Entries shown:
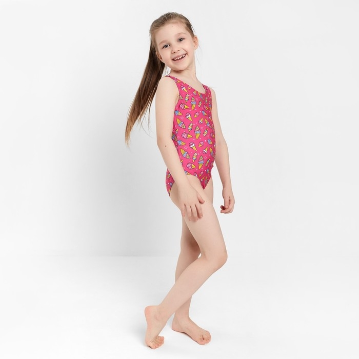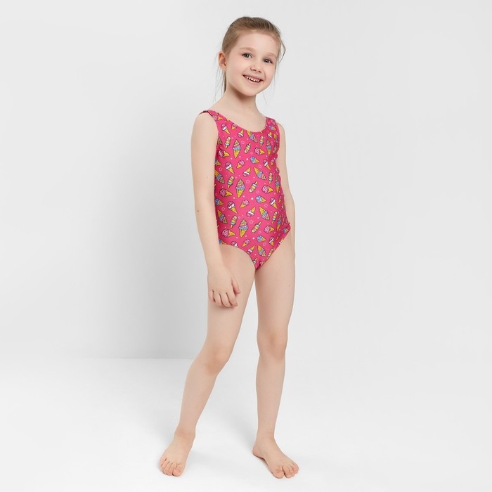 Купальник слитный, цвет розовый/мороженое, рост 128 см
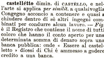 lavoro. — Fig, è il Registro che contiene il nome di tutti coloro che hanno il conto aperto di denaro sopra una banca pubblica: onde « Essere castellétto dimin. di CASTÈLLO, e nell'arte si applica per similit, a qualsi voglia Congegno acconcio a contenere e quasi a chiùdere dentro di sé altri ingegni combinati per condurre alcun per una determinata somma al castelletto » dicesi di Chi è ammesso a godere credito a una banca.
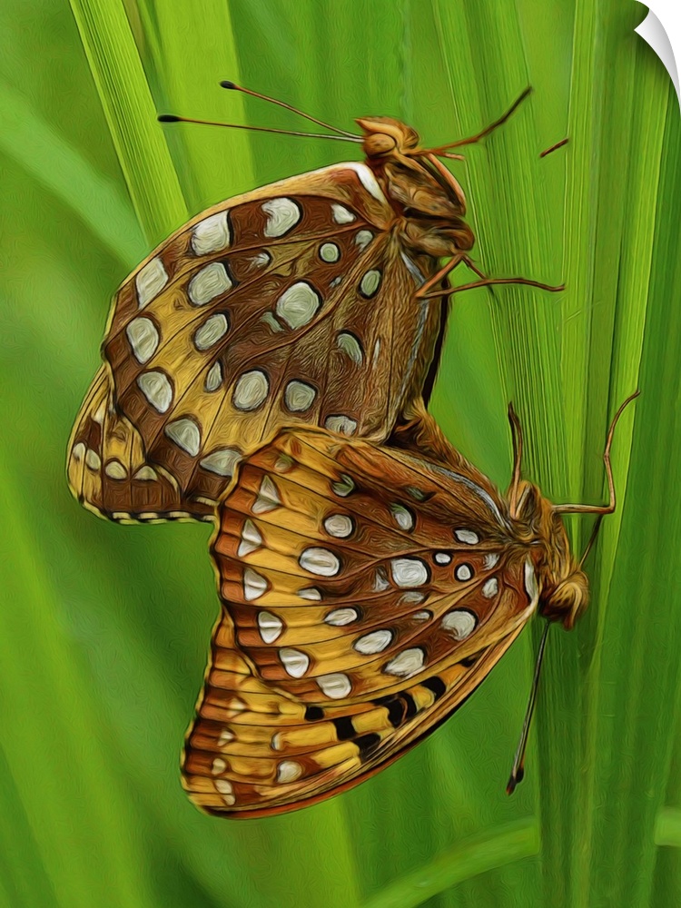 <p>Close-up photograph of two butterfly's clinging to vibrant green grass.</p>
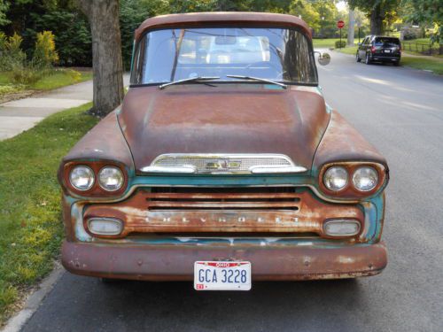 I'm selling my 59' Chevy Apache. It is from Arkansas. Runs and drives. 6 cylinder, three on the tree. fun to drive. The gas tank and carb were recently replaced. Has nice look with patina. mainly surface rust but there are a few holes, top of front fenders, small spot on lower front fender, a hole inside passenger step. some rust on bottom of rear fenders, not bad. The floor, cab mounts, frame, around front and rear windows and rest of cab, hood all solid. Be a good one to restore or cruise it like it is. If you have any questions you can call me 740 eight one six-3111. or message me. Thanks.
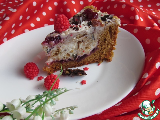 Великолепный вышел медовик, воздушный, ароматный! Выпекала в мультиварке режим «Выпечка» 75 мин. при t=160 С. В начинку добавила сметаны побольше примерно 800 гр., кусочки медовика, внутри корзинку смазала джемом из черной смородины, украсила тертым шоколадом, кондитерской посыпкой и ягодками малинки. Спасибо, Людочка!

Task instructions: Pictures excluded, output exactly the line that contains "<p>Close-up photograph of" and every line after it to the end of the data above.

Finished task:
 <p>Close-up photograph of two butterfly's clinging to vibrant green grass.</p>
 I'm selling my 59' Chevy Apache. It is from Arkansas. Runs and drives. 6 cylinder, three on the tree. fun to drive. The gas tank and carb were recently replaced. Has nice look with patina. mainly surface rust but there are a few holes, top of front fenders, small spot on lower front fender, a hole inside passenger step. some rust on bottom of rear fenders, not bad. The floor, cab mounts, frame, around front and rear windows and rest of cab, hood all solid. Be a good one to restore or cruise it like it is. If you have any questions you can call me 740 eight one six-3111. or message me. Thanks.
 Великолепный вышел медовик, воздушный, ароматный! Выпекала в мультиварке режим «Выпечка» 75 мин. при t=160 С. В начинку добавила сметаны побольше примерно 800 гр., кусочки медовика, внутри корзинку смазала джемом из черной смородины, украсила тертым шоколадом, кондитерской посыпкой и ягодками малинки. Спасибо, Людочка!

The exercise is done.